Fair shows opportunities for studying in Canada

For 15 years, the country has maintained its position as the main destination for Brazilian students seeking institutions abroad

By Sérgio Siscaro

The limitations imposed by social distancing did not prevent holding of this year’s edition of the EduCanadá fair. Organized by the Canadian government, it brought together, in virtual and free format, more than 50 educational institutions in the country, which were able to show participants on September 24th the main advantages of planning a study path in Canada.

The fair provided information on the different teaching modalities available – languages, high school, undergraduate, graduate, master’s degree, doctorate and technical courses. More than 3,200 Brazilian participants were also able to have their questions answered by representatives of the institutions present and authorities from the Canadian federal and provincial governments, obtaining information both on the schools and programs available and on procedures related to the issuance of student visas.

EduCanadá’s success is directly related to Canada’s very positive image among Brazilian students. This perception is reflected in the annual survey carried out by the Brazilian Educational & Language Travel Association (Belta), an entity that brings together Brazilian institutions that operate in the student exchange market. Its latest edition, launched in September, showed that, in 2019, Canada again ranked first among the main destinations for Brazilian students – a position it has held for 15 years. In terms of preference, the country surpassed, last year, the United States, Ireland, United Kingdom and Australia, which positioned themselves from the second to the fifth place in the ranking.

Preferred destination

The fact that made Canada the choice again is due to the fact that the country benefits from the main factors that influence the students’ decision: quality of life, easy to get a visa, the use of English for communication, the multicultural environment and favorable exchange rate parity. But a key factor in this decision is the high level of the Canadian education system. In the latest edition of the Programme for International Student Assessment (Pisa), launched by the Organization for Economic Cooperation and Development (OECD) last year with results for 2018, Canada scored higher than the average for countries that make up the group in reading, mathematics and science. In addition, the study found that Canadian institutions have more material and personnel resources than the average for other OECD countries.

According to the Commissioner for Commerce (Education) at the Canadian Consulate General in São Paulo, Fernanda Albano, this top position contributes to the country’s attractiveness. “To mention a few figures: 14 Canadian universities are ranked among the top 300 in the world, according to the latest Times Higher Education survey; and three MBAs are among the top 100, according to the 2020 Financial Times Global MBA Rankings. In addition, the US News & World Report’s “Best Countries” report ranks Canada among the top three in terms of “education”, and first in quality of life.” She also stresses the importance of the country’s bilingualism, which opens up the possibility for international students to study in either English or French.

According to the commissioner, Brazilian students who choose Canada are interested in all levels – high school, university or extension. “The country is the main destination for Brazilians for English and high school courses, and second for French courses – behind France only. Post-secondary education institutions (colleges and universities) are also very popular; Brazilians seek from short courses, more focused on the job market, to academic programs with opportunities for research”, she adds.

The preference for Canada was not affected by the pandemic of the new coronavirus, which led the country to impose travel restrictions. Belta’s research not only confirms this choice, but also shows the perception that Canada is an example in terms of Covid-19 control protocols, health security and infrastructure for receiving international students, as well as technological support resources for online classes.

Bilateral approach

In order to stimulate the exchange between Brazil and Canada in the educational area, the CCBC Education Committee has been dedicated to bringing together organizations from both countries, linked to basic, higher or extended education. The group, coordinated since the beginning of 2020 by the marketing director of Maple Bear Canadian School, Rafael Mangini, has also organized several initiatives to disseminate information about the Canadian and Brazilian educational context, using webinars to address topics relevant to the sector.

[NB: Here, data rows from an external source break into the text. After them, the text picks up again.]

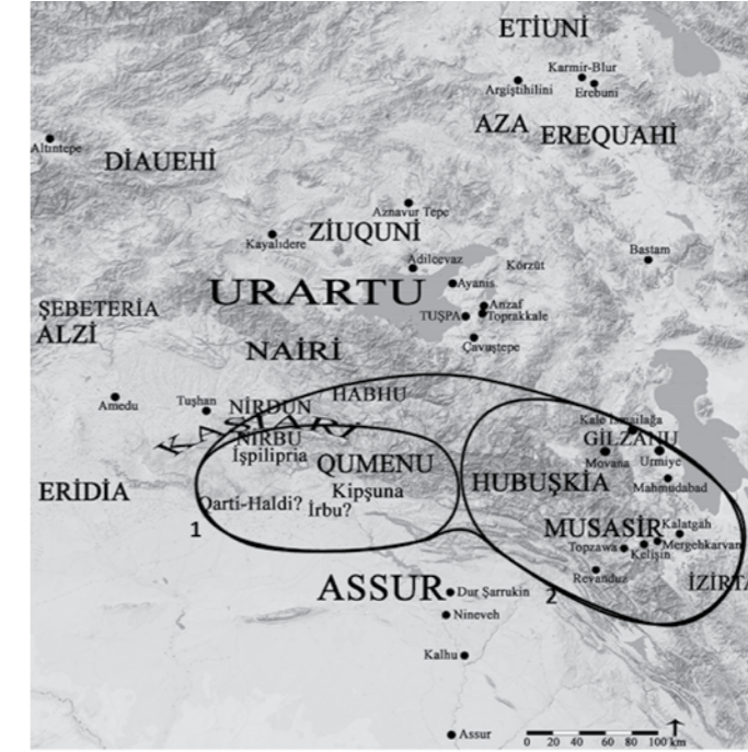
1. Assur kayıtlarına göre Haldi ile ilişkilendirilebilen coğrafya. 2. Musasir ve çevresi.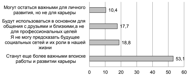
Рис. 1. Ответы на вопрос: «Какую роль социальных сетей вы видите в будущем для построения карьеры и личного развития?»

Помимо вышеперечисленного были даны свои варианты ответов: «социальные сети помогают ис-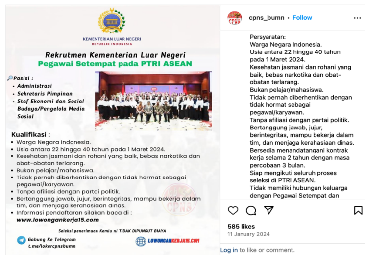
Gambar 2.0 : Akun @cpns_bumn yang mengunggah lowongan pekerjaan yang tidak boleh terafiliasi dengan partai politik di aplikasi Instagram

Akibatnya, orang-orang yang NIK-nya tercatat tanpa persetujuan dalam anggota partai politik, terhalang untuk melamar pekerjaan atau melanjutkan karir di sektor tertentu yang membutuhkan netralitas politik. Seperti salah satu lowongan yang di upload di akun Instagram @cpns_bumn dalam rekrutmen pegawai kementerian luar negeri yang memiliki syarat untuk tidak terafiliasi partai politik. 15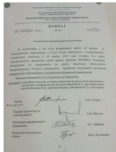
Приказ об отчислении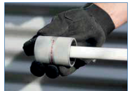
Schritt 2: Entgraten/Abschrägen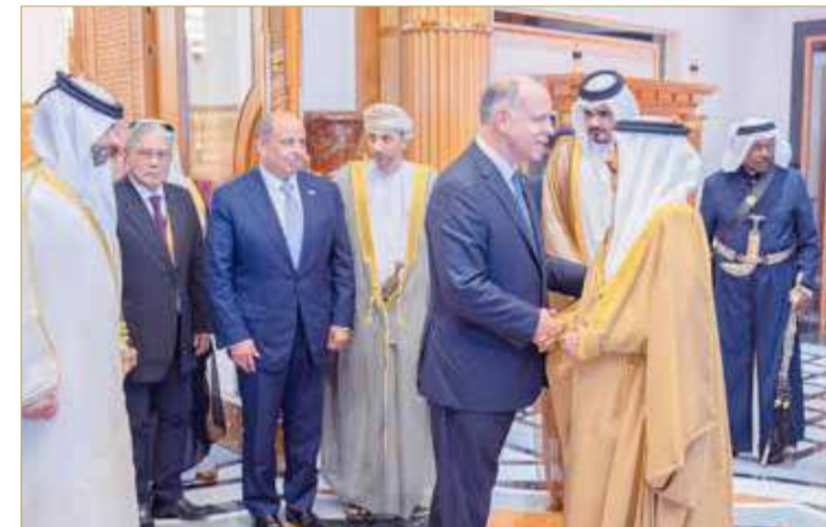
المنامة - بنا

استقبل ملك البلاد المعظم صاحب الجلالة الملك حمد بن عيسى آل خليفة، بحضور الممثل الشخصي لجلالة الملك المعظم سمو الشيخ عبدالله بن حمد آل خليفة، أمس في قصر الصخير، كبار المدعويين ورؤساء الوفود المشاركة في دورة الألعاب الآسيوية للشباب في نسختها الثالثة التي تستضيفها مملكة البحرين برعاية سامية من جلالة الملك المعظم، وذلك للسلام على جلالته.

“Our purpose is to empower people by building bridges with companies and educational institutions. In an internal survey, we identified the main bottlenecks existing in companies – such as the need for marketing professionals, familiar with the latest technologies, or the demand for reinforcement of basic language knowledge – not only English and French, but also Portuguese, for professional beginners. We also found a strong need to train these employees in socio-emotional skills”, says Mangini. Based on these results, the Education Committee is developing a project through which 75 educational institutions, mainly from Canada, will be able to contribute to remedy points found by the research through partnerships.

According to the coordinator, events like EduCanadá show how Canada is a welcoming and accessible country for students from abroad. “Studying there is easier than people think. A study experience in Canada has the potential to transform a person’s life”, he concludes.